Is the orbital speed of the Earth when it is closest to the Sun greater than, less than, or equal to the orbital speed when it is farthest from the Sun? Explain.

Short Answer

Expert verified
Answer: The orbital speed of Earth when it is closest to the Sun (perihelion) is greater than when it is farthest from the Sun (aphelion).

Step by step solution

01

Understand the concept of orbital speed

Orbital speed is the speed at which an object (in this case, the Earth) moves in its orbit around another object (the Sun). The primary factor affecting the orbital speed of an object is the gravitational force acting between the objects, which depends on their masses and the distance between their centers.
02

Apply Kepler's second law

Kepler's second law, also known as the Law of Equal Areas, states that a line joining a planet and its star sweeps out equal areas in equal periods of time. This law implies that when the distance between the planet and the star is reduced, the planet moves faster to cover the same area in the same time.
03

Determine the orbital speed at perihelion and aphelion

We need to find the Earth's orbital speed when it is closest to the Sun (perihelion) and when it is farthest from the Sun (aphelion).
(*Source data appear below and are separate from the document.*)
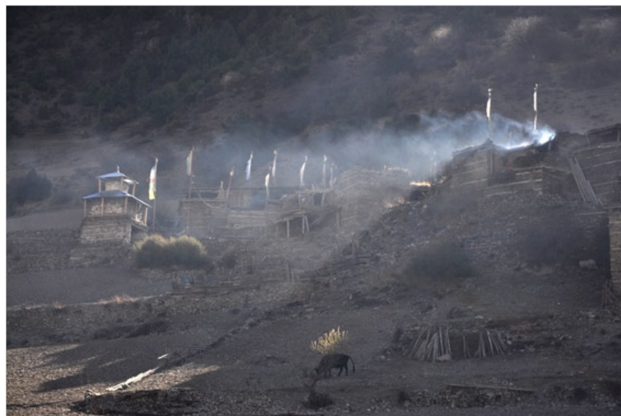
Ranní obětní kouř nad Pisangem, Nepál, 2010
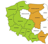
Magazynierzy i pokrewni
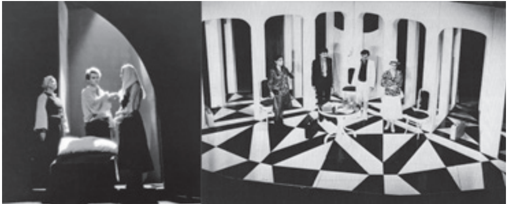
Scene iz komedije Bakonja fra Brne S. Matavulja, 1978, Gradsko kazalište Trešnja 1999, 80. / Scena iz komedije Tko je tko? K. Waterhousea i W. Halla, 1981, Satiričko kazalište Jazavac 1964–1984 1984.
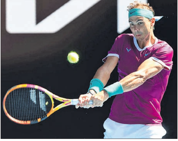
ଶର୍ ଖେଳିବା ଅବସରରେ ରାଫାଲ ନାଡ଼ା।

ବିଶ୍ଵର ନୟର ଓଡ଼ିଆ ପୁରୁଷ ଟେନିସ ଖେଳାଳି ସର୍ବିୟାର ନୋଭାକ ଡଜୋଭିଚିକ୍ ବିନା ଯୋଗଦାନ ଅଷ୍ଟ୍ରେଲିଆ ଓପନ ଗ୍ରାଣ୍ଡସ୍ଲାମ ଟେନିସ ଆରମ୍ଭ ହୋଇଛି। କରୋନା ଟିକା ନେଇ ନ ଥିବାରୁ ଏକ ନାଟକୀୟ ଘଟଣାକ୍ରମରେ ବିତାଣି ପରେ ପାଇଁ ଡଜୋଭିଚିକ୍ ସ୍ଵଦେଶ ପ୍ରତ୍ୟାବର୍ତ୍ତନ କରିଛନ୍ତି। ମହିଳା ସିଙ୍ଗଲ୍‌ରେ ଜାପାନର ନାଡ଼ା ଓସାକା ଓ ପୁରୁଷରେ ସେନ୍ଦର

According to Kepler's second law, Earth moves faster at perihelion than at aphelion because of the different distances between Earth and Sun.
04

Compare the orbital speeds at perihelion and aphelion

Since Earth moves faster when it is closer to the Sun (perihelion), we can conclude that the orbital speed of Earth when it is closest to the Sun is greater than when it is farthest from the Sun.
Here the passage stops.